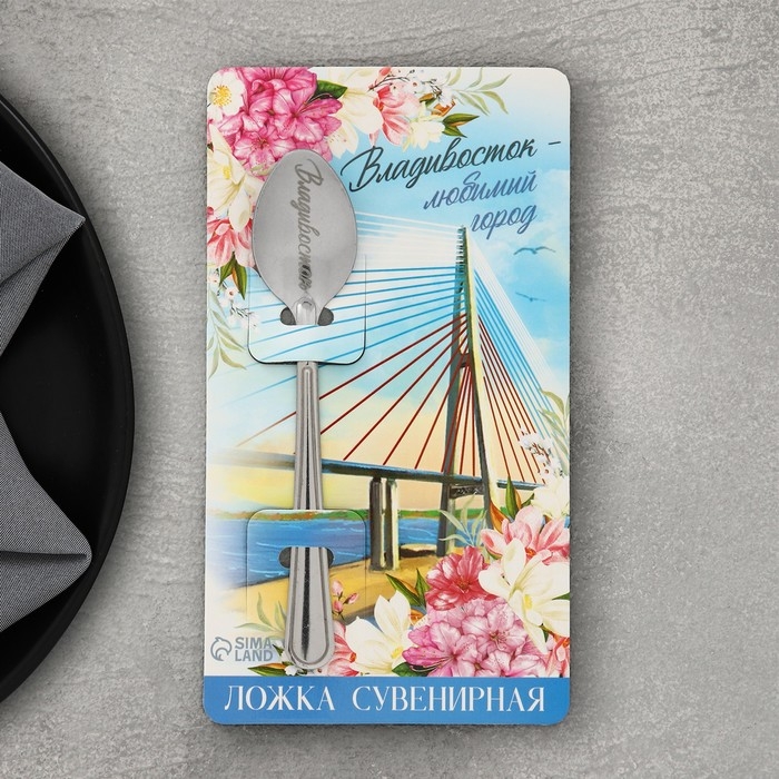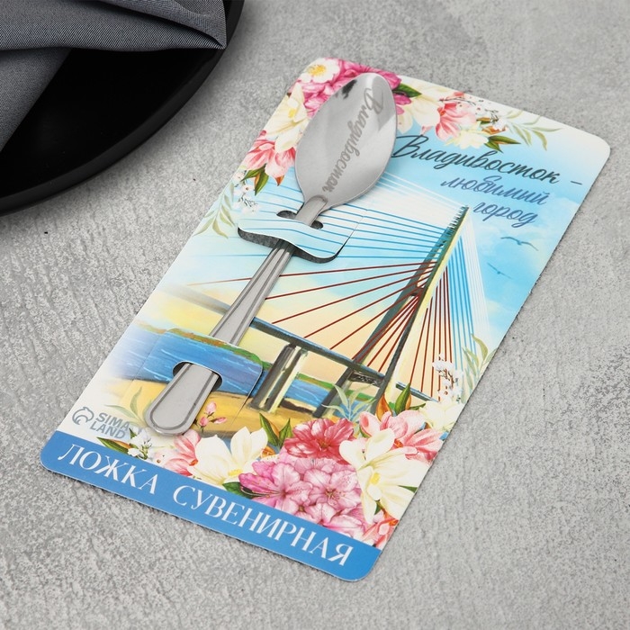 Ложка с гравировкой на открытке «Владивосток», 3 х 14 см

■ ■ ■ ■

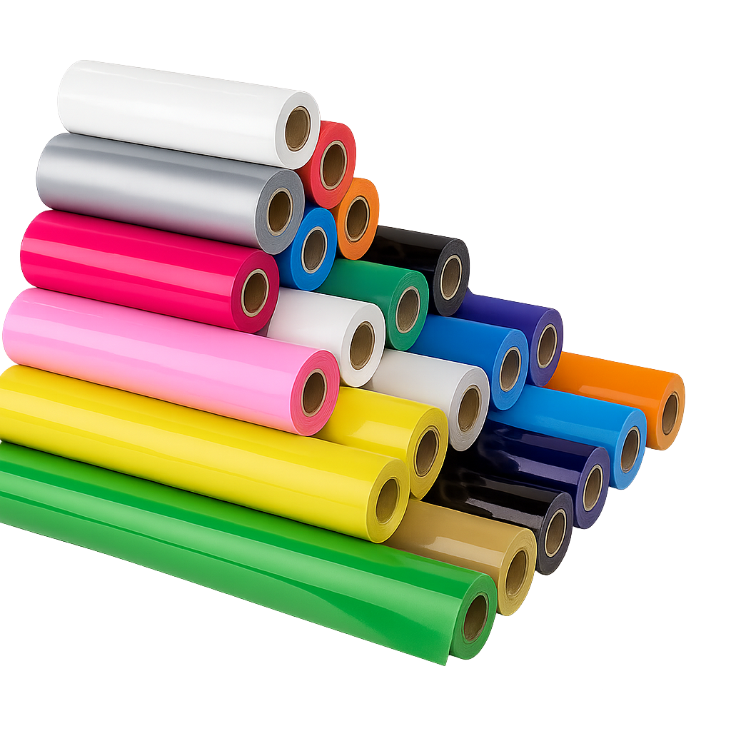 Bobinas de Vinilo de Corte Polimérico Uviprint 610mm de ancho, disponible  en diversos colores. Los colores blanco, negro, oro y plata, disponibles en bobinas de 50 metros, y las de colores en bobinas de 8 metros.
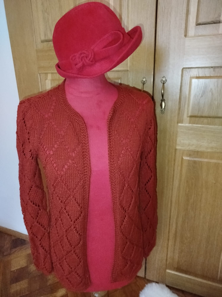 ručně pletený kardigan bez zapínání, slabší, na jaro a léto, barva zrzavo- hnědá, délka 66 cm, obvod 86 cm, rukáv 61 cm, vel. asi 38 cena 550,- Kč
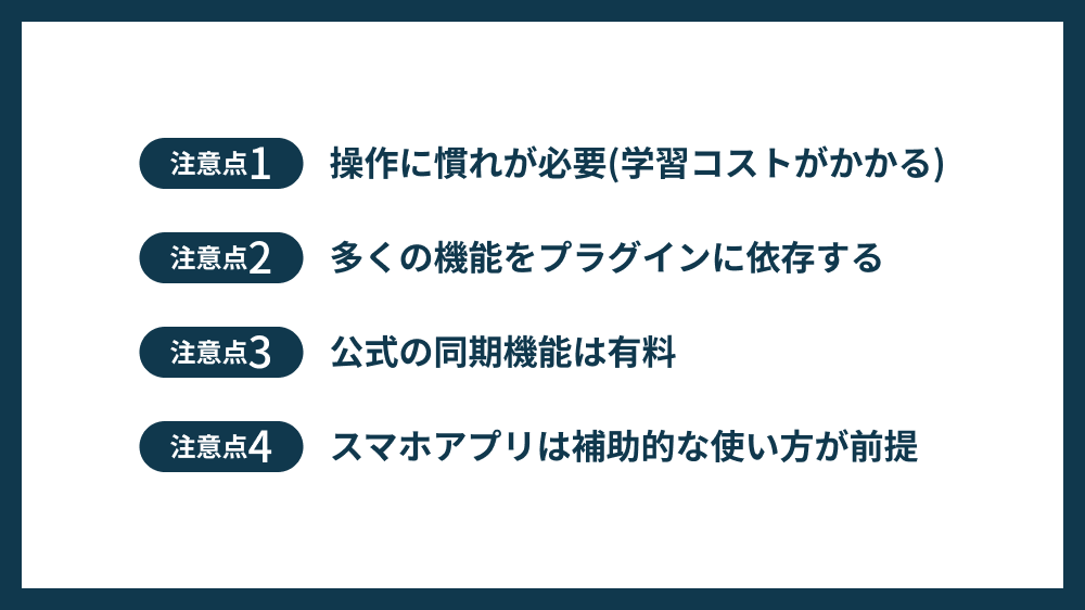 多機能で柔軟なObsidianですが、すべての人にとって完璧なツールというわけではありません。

■ ■ ■ ■

YOUR GOAL
An exact copy of the lines above from the one with "ručně pletený kardigan" up to and including the one with "多機能で柔軟なObsidia" is required; reproduce only those lines, omitting all pictures.

ANSWER SECTION
 ručně pletený kardigan bez zapínání, slabší, na jaro a léto, barva zrzavo- hnědá, délka 66 cm, obvod 86 cm, rukáv 61 cm, vel. asi 38 cena 550,- Kč
 多機能で柔軟なObsidianですが、すべての人にとって完璧なツールというわけではありません。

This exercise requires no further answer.